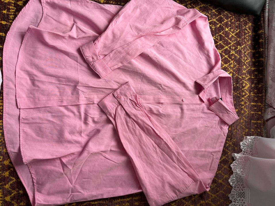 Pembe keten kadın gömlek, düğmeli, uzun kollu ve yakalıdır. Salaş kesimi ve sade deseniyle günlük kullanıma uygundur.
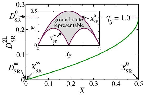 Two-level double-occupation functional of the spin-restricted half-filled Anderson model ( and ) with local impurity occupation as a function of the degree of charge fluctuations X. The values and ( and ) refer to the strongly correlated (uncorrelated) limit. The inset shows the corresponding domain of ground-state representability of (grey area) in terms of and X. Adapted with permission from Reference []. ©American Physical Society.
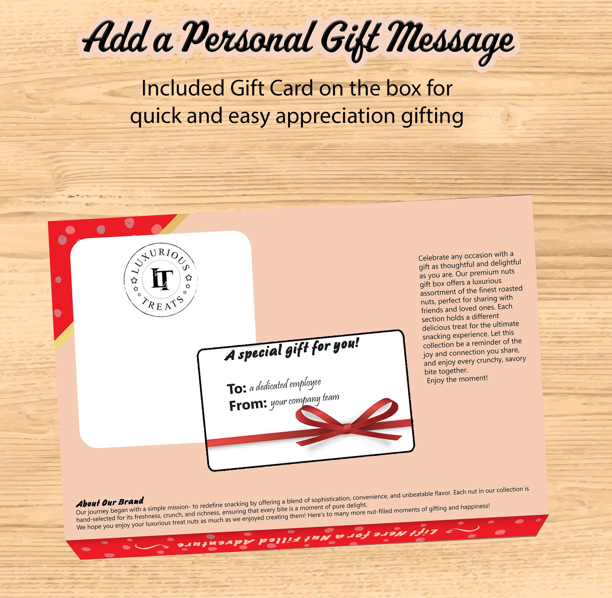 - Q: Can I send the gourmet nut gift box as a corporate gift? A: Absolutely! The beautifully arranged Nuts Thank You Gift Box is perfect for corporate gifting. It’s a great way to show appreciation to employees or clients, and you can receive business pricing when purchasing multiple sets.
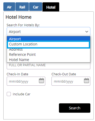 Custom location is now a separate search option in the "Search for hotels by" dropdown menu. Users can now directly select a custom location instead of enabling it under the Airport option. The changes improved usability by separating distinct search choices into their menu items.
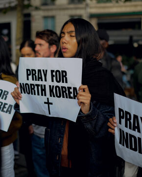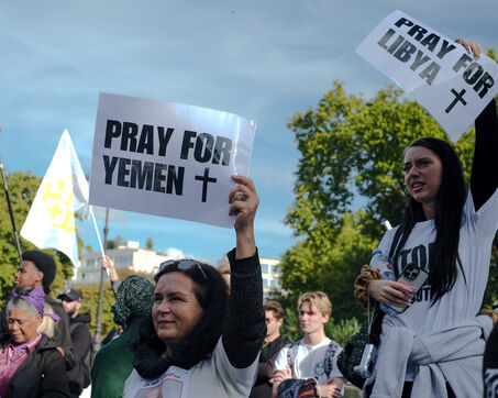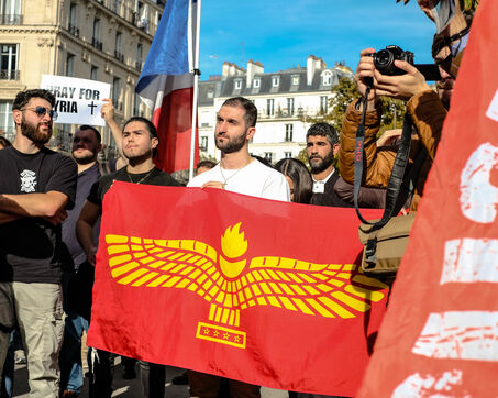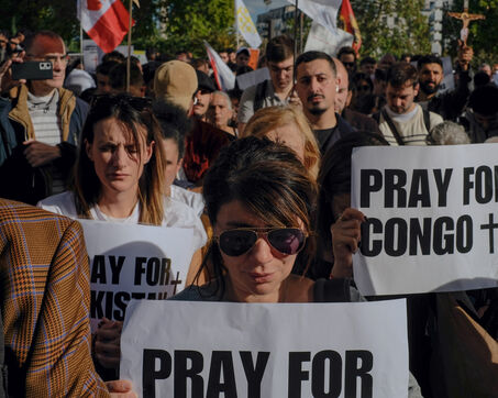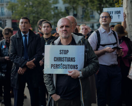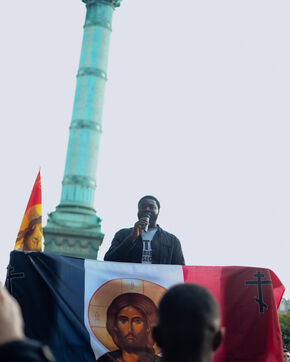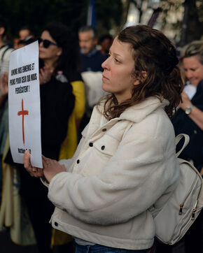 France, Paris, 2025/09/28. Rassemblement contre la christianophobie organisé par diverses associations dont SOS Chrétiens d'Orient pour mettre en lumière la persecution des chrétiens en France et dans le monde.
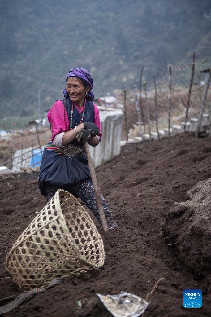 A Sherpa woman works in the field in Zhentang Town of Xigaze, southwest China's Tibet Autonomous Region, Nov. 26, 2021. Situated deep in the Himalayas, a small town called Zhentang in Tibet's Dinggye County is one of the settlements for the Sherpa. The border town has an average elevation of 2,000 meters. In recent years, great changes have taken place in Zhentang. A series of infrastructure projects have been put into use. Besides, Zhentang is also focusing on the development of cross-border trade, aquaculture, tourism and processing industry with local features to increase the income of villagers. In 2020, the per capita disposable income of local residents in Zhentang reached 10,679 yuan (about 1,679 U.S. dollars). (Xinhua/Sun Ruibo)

**WHAT THE TASK REQUIRES:**
Out of the records above, return only the lines from the one with "Custom location is" through the one with "France, Paris, 2025/09/28.", exactly, and none of the pictures.

**OUTPUT BELOW:**
 Custom location is now a separate search option in the "Search for hotels by" dropdown menu. Users can now directly select a custom location instead of enabling it under the Airport option. The changes improved usability by separating distinct search choices into their menu items.
 France, Paris, 2025/09/28. Rassemblement contre la christianophobie organisé par diverses associations dont SOS Chrétiens d'Orient pour mettre en lumière la persecution des chrétiens en France et dans le monde.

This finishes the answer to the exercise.